Tips on how to assess a general-purpose AI model’s reliability before it’s deployed

Foundation models are massive deep-learning models which have been pretrained on an infinite amount of general-purpose, unlabeled data. They will be applied to a wide range of tasks, like generating images or answering customer questions.

But these models, which serve because the backbone for powerful artificial intelligence tools like ChatGPT and DALL-E, can offer up incorrect or misleading information. In a safety-critical situation, comparable to a pedestrian approaching a self-driving automobile, these mistakes could have serious consequences.

To assist prevent such mistakes, researchers from MIT and the MIT-IBM Watson AI Lab developed a way to estimate the reliability of foundation models before they’re deployed to a particular task.
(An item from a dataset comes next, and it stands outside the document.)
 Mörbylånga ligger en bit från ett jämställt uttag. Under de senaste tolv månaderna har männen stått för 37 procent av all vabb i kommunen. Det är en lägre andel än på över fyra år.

They do that by training a set of foundation models which are barely different from each other. Then they use their algorithm to evaluate the consistency of the representations each model learns in regards to the same test data point. If the representations are consistent, it means the model is reliable.

After they compared their technique to state-of-the-art baseline methods, it was higher at capturing the reliability of foundation models on a wide range of classification tasks.
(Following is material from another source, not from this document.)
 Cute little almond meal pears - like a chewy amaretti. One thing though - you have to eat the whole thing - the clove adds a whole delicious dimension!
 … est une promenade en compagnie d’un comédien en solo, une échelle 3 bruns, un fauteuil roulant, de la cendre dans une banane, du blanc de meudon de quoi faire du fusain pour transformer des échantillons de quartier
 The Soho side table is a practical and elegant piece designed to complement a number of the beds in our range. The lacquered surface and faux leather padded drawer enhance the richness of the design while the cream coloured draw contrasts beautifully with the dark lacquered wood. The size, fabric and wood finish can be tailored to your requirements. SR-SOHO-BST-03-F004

Someone could use this method to make a decision if a model ought to be applied in a certain setting, without the necessity to test it on a real-world dataset. This may very well be especially useful when datasets is probably not accessible because of privacy concerns, like in health care settings. As well as, the technique may very well be used to rank models based on reliability scores, enabling a user to pick the perfect one for his or her task.
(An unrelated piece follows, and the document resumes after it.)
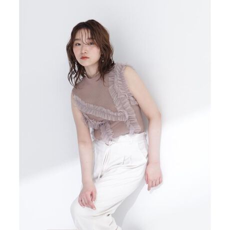 一枚で華やかに着映えるチュールフリルドッキングニット。すっきりとしたモックネックにノースリーブデザインで、軽やかな印象です。身頃にはギャザーを寄せたチュールフリルをランダムにあしらい、華やかでフェミニンな印象に。マーメイドスカートやナロースカートでキレイめに、デニムでカジュアルダウンも楽しめます。<素材>ドライタッチでキレイな目面の糸をリブ編みで編み立て、柔らかいチュール素材をドッキングしています。<詳細>仕様・開閉なし裏地・なし透け感・なし / 光沢・なし / 伸縮性・あり生地の厚さ・普通※モデルの着用画像の場合、光の当たり具合により、実際の色味と異なって見えることがございます。色味は、商品単体の画像をご参照ください。

“All models will be fallacious, but models that know after they are fallacious are more useful. The issue of quantifying uncertainty or reliability gets harder for these foundation models because their abstract representations are difficult to check. Our method permits you to quantify how reliable a representation model is for any given input data,” says senior writer Navid Azizan, the Esther and Harold E. Edgerton Assistant Professor within the MIT Department of Mechanical Engineering and the Institute for Data, Systems, and Society (IDSS), and a member of the Laboratory for Information and Decision Systems (LIDS).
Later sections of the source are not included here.